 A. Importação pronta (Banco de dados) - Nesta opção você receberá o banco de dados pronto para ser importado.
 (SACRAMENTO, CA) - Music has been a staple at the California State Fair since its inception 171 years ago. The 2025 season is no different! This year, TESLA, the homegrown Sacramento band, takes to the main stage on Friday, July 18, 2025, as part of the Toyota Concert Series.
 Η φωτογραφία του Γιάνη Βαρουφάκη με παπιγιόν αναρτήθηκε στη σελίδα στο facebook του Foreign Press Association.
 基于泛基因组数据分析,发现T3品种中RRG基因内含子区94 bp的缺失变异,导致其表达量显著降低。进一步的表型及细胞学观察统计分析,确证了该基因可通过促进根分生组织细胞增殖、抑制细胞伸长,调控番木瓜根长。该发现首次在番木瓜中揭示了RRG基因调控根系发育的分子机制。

==

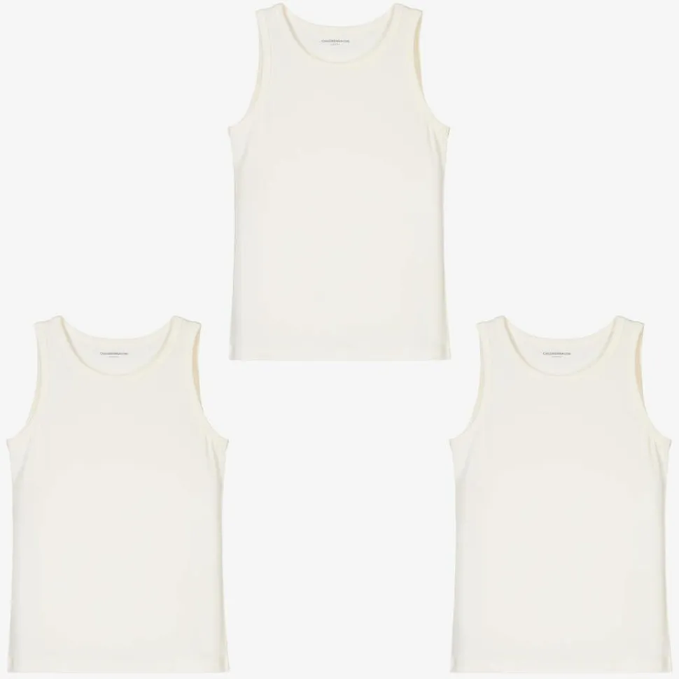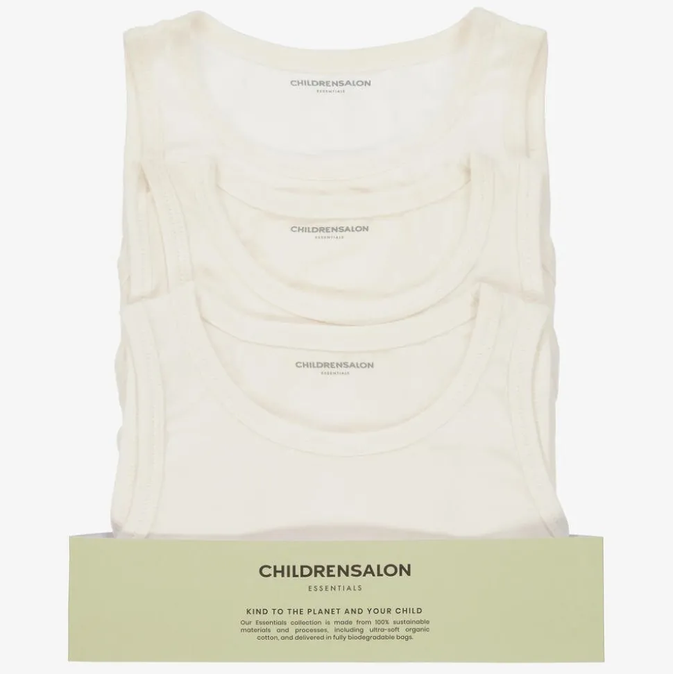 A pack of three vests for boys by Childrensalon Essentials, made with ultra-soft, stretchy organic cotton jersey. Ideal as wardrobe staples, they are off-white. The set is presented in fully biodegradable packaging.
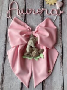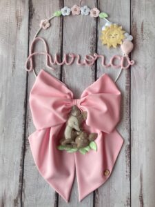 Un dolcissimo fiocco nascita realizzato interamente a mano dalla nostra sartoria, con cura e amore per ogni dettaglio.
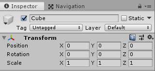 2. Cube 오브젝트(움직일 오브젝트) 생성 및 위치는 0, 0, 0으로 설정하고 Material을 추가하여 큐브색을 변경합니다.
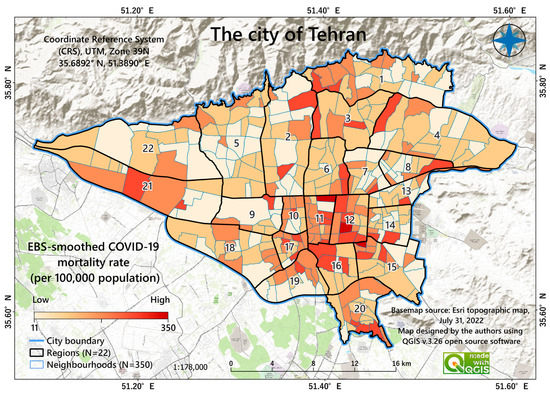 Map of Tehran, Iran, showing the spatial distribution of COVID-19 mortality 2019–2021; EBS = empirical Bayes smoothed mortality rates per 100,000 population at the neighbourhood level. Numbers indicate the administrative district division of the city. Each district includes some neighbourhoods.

- Task instructions -
Nothing should appear in the answer except the lines above from the line with "A. Importação pronta" through the line with "(SACRAMENTO, CA) - Music", both included, written out exactly.

- Response to this task -
 A. Importação pronta (Banco de dados) - Nesta opção você receberá o banco de dados pronto para ser importado.
 (SACRAMENTO, CA) - Music has been a staple at the California State Fair since its inception 171 years ago. The 2025 season is no different! This year, TESLA, the homegrown Sacramento band, takes to the main stage on Friday, July 18, 2025, as part of the Toyota Concert Series.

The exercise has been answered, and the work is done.